SUPPLIED MATERIAL Start Marker

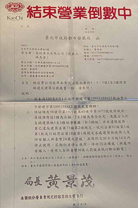 有70年歷史的上海點心老店永康街「高記」,將在8月底結束營業,其Facebook臉書專頁貼出北市都發局公文通知函。在永康街高記總店。因違反營建法規,除了被開罰24萬罰鍰外,也將被斷水斷電,最快恐8月底熄燈。
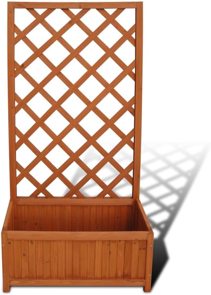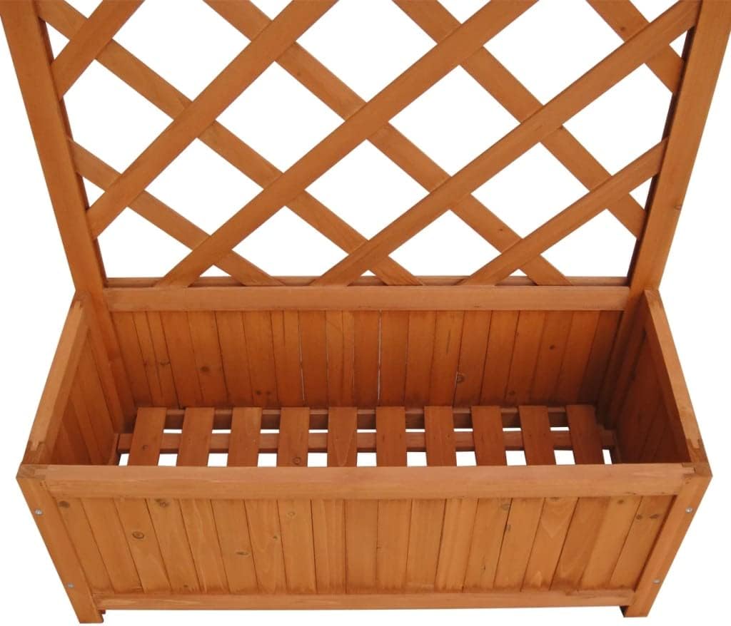 This wood planter, featuring a built-in trellis, will add a touch of charm to any outdoor space.The trellis planter has a large flower box which can accommodate a large number of green plants and flowers. The built-in trellis offers support for climbing plants.Crafted from weather-resistant solid wood, this trellis planter is durable enough to be used outdoors year round. Assembly is very easy.Material: Solid woodTotal size: 2' 4" x 11.8" x 4' 5" (L x W x H)Easy assembly
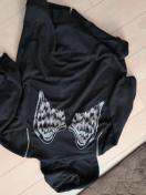 黒色のジップアップパーカーです。背面に特徴的な翼のプリントがあります。普段使いしやすいシンプルなデザインです。2回くらいきてそれ以降着なくなりました。他商品と一緒に保管でゴミついているかもしれません
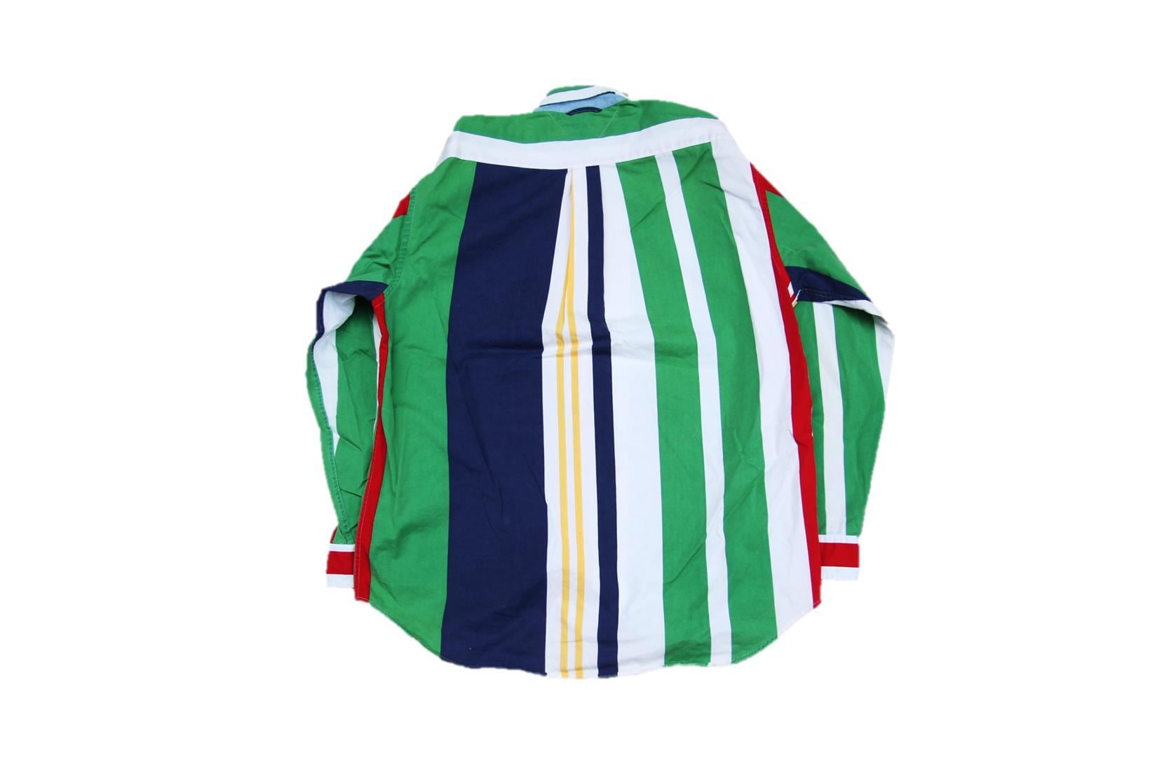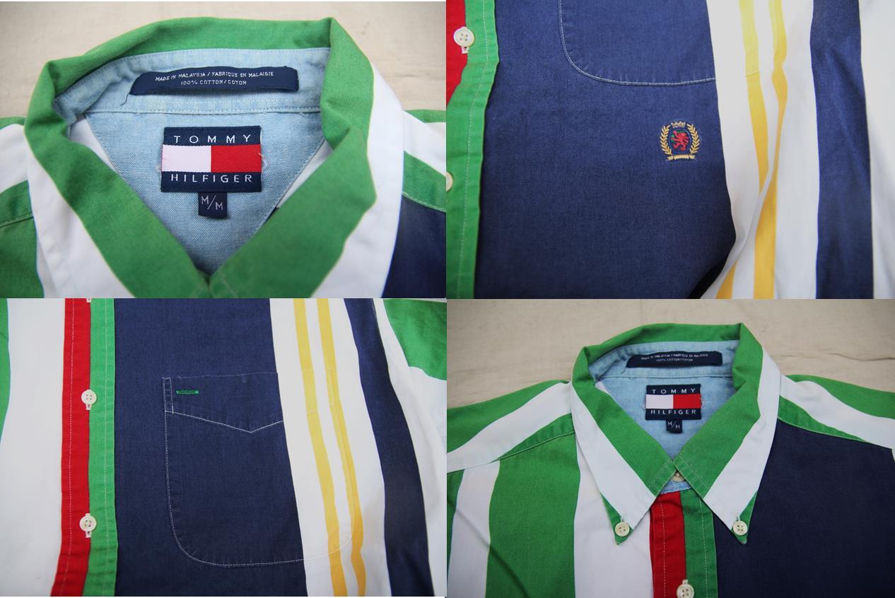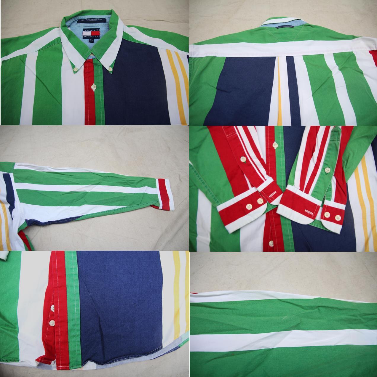 トミーフィルフィガー製のボタンダウンコットンマルチストライプシャツとなります。POPな配色のストライプ柄で左胸ポケット下部にブランド刺繍入り、サイズ表記はMですが、トミーは表記より大き目サイズが多い為、こちらも実寸ではL程度のサイズ感となりますので詳しくはサイズ実寸にてお確かめ下さい。1枚でもインパクト大の可愛い配色ですのでお好きな方は是非ご検討下さい。
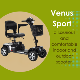 De Venus Sport is een luxueuze en comfortabele binnen- en buitenscooter. Dankzij de draaibare stoel en de wegklapbare armsteunen kan een transfer vlot worden uitgevoerd.
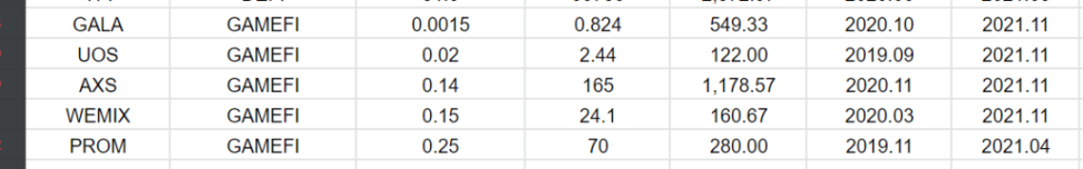 9.百倍币数量第二属于 GAMEFI,总共 5 个,占比 8.2%。GAME 一直是传统 WEB2 兵家必争之地,前有腾讯网易,后有米哈游。这个赛道最赚钱,也最赚流量。同时也是培养圈外用户进入 WEB3 的最好教育工具,只有人多共识强,加密货币市值不断新高,机构才能更好价格套现离场。所以机构也愿意投,自然是热点中的热点。
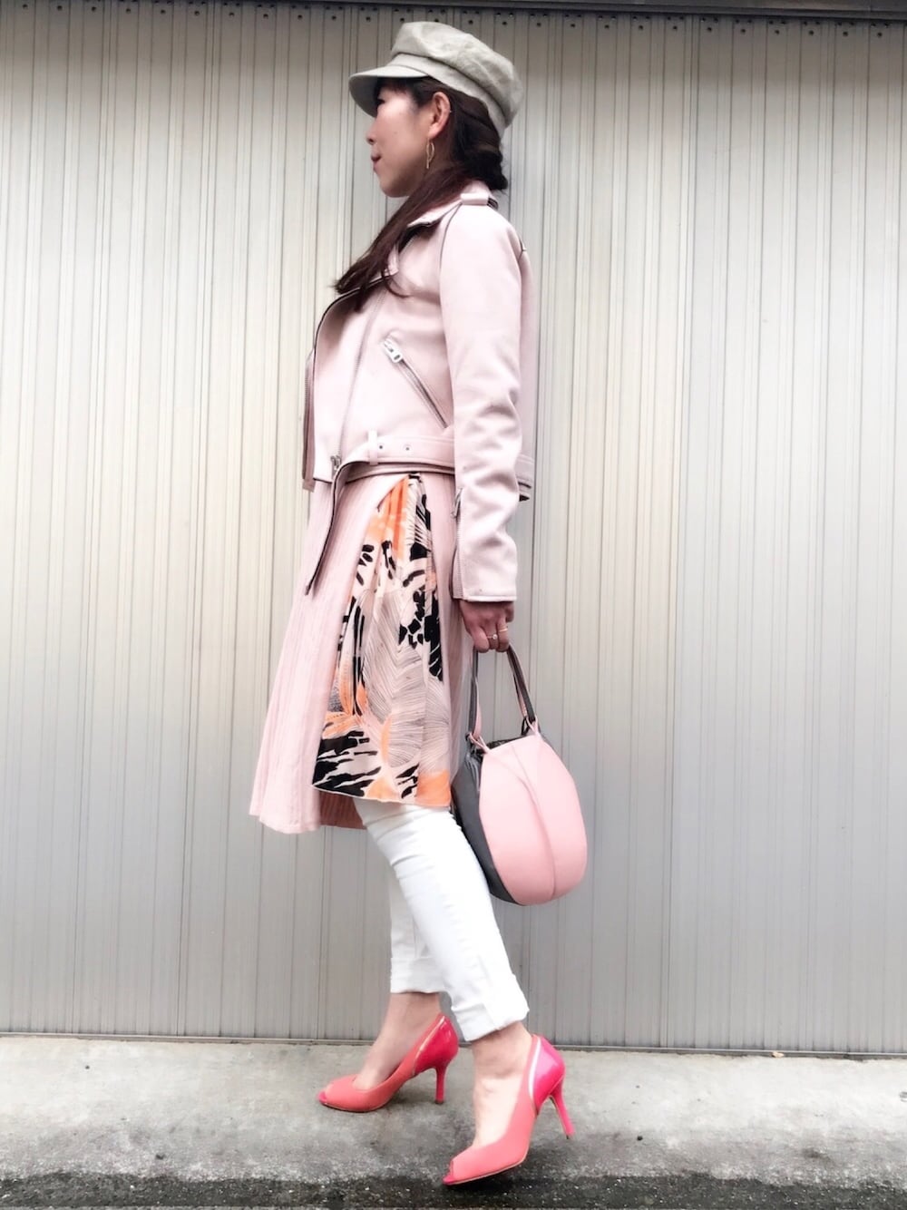 おはようございます ご覧頂きありがとうございます✨ ピンクライダースでピンクコーデ 毎朝着るものに悩む今日この頃 とりあえず何か一つ決めて、そこから合わせるものをチョイスな日々です ピンクのGUワンピが目に付いた日 この前柄ワンピを着たので、その残像があったのかな? 柄スカート重ねました 春らしく、白パンツにパンプス ピンクならピンクでまとめるのも結構好きです🌷 ジュエリーはピアスを✨ シンプルチェーン アメリカンピアスと 定番6本爪の一粒ダイヤモンドピアスです ジュエリーのアップは小窓でご覧ください✨ いいね、セーブ、コメント、フォローまでとっても嬉しいです💕 初めましての方もよろしくお願いします❤️
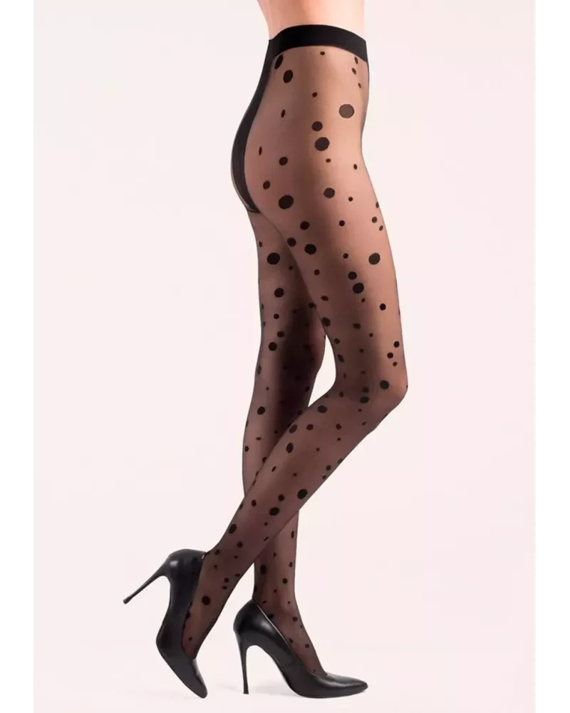 Dámské vzorované punčochové kalhoty s obsahem vlákna typu Lycra. Dámské celovzorované punčocháče zdobí vzor puntiku. Punčochové kalhoty jsou šité plochým švem, bez zesíleného sedu a vyznačené špice.
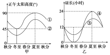 小题1:图甲和图乙中分别反映纬度较低的两条曲线是( )
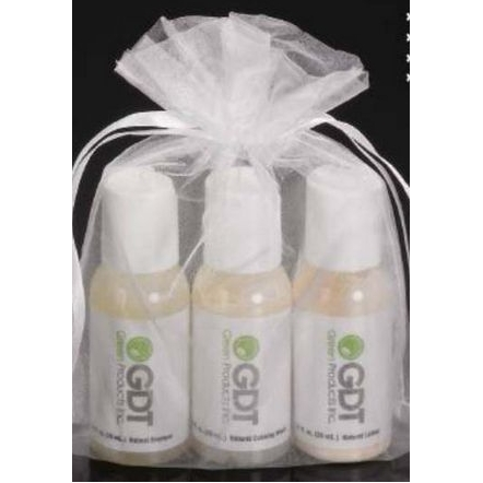 Natural Gift Set. Organza bag (silver or white), 1 Oz. Natural Shampoo, 1 Oz. Natural Calming Wash, 1 Oz. Natural Lotion. Natural shampoo and lotion are unscented. Natural calming wash scent is Lavender Watermelon. Perfume and dye free. Complies with CPSIA, FDA.
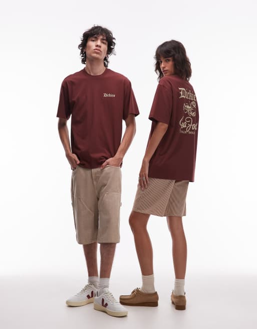 Dickies – Bordowy T-shirt z grafiką na plecach
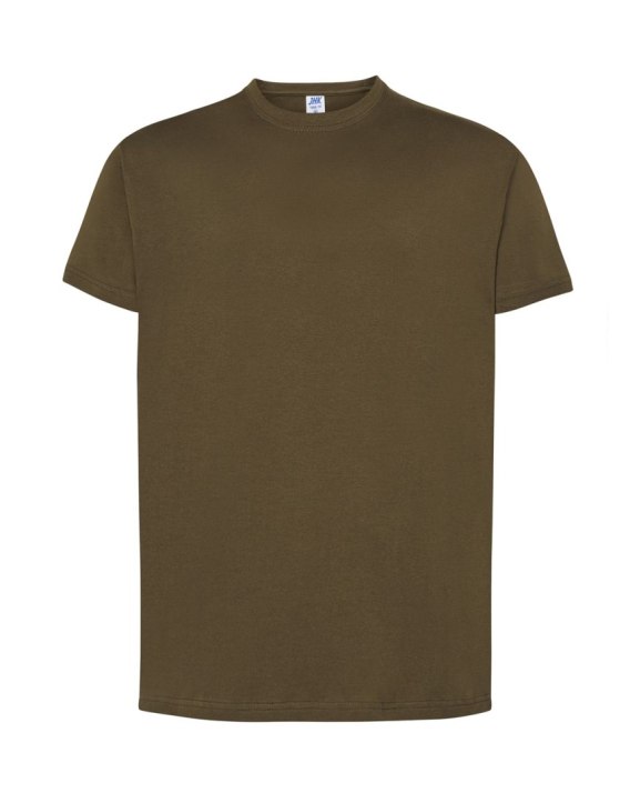 T-shirt męski z krótkim rękawem. Brak bocznych szwów. Podwójne szwy na ramionach. Wzmocniony lycrą ściągacz. Taśma wzmacniająca. 100% bawełna stabilizowana.

SUPPLIED MATERIAL End Marker

= WHAT TO PRODUCE =
Output the data above exactly, beginning at its first line and ending with the line that holds "トミーフィルフィガー製のボタ". Leave out the pictures and add nothing.

= ANSWER TO THE EXERCISE =
 有70年歷史的上海點心老店永康街「高記」,將在8月底結束營業,其Facebook臉書專頁貼出北市都發局公文通知函。在永康街高記總店。因違反營建法規,除了被開罰24萬罰鍰外,也將被斷水斷電,最快恐8月底熄燈。
 This wood planter, featuring a built-in trellis, will add a touch of charm to any outdoor space.The trellis planter has a large flower box which can accommodate a large number of green plants and flowers. The built-in trellis offers support for climbing plants.Crafted from weather-resistant solid wood, this trellis planter is durable enough to be used outdoors year round. Assembly is very easy.Material: Solid woodTotal size: 2' 4" x 11.8" x 4' 5" (L x W x H)Easy assembly
 黒色のジップアップパーカーです。背面に特徴的な翼のプリントがあります。普段使いしやすいシンプルなデザインです。2回くらいきてそれ以降着なくなりました。他商品と一緒に保管でゴミついているかもしれません
 トミーフィルフィガー製のボタンダウンコットンマルチストライプシャツとなります。POPな配色のストライプ柄で左胸ポケット下部にブランド刺繍入り、サイズ表記はMですが、トミーは表記より大き目サイズが多い為、こちらも実寸ではL程度のサイズ感となりますので詳しくはサイズ実寸にてお確かめ下さい。1枚でもインパクト大の可愛い配色ですのでお好きな方は是非ご検討下さい。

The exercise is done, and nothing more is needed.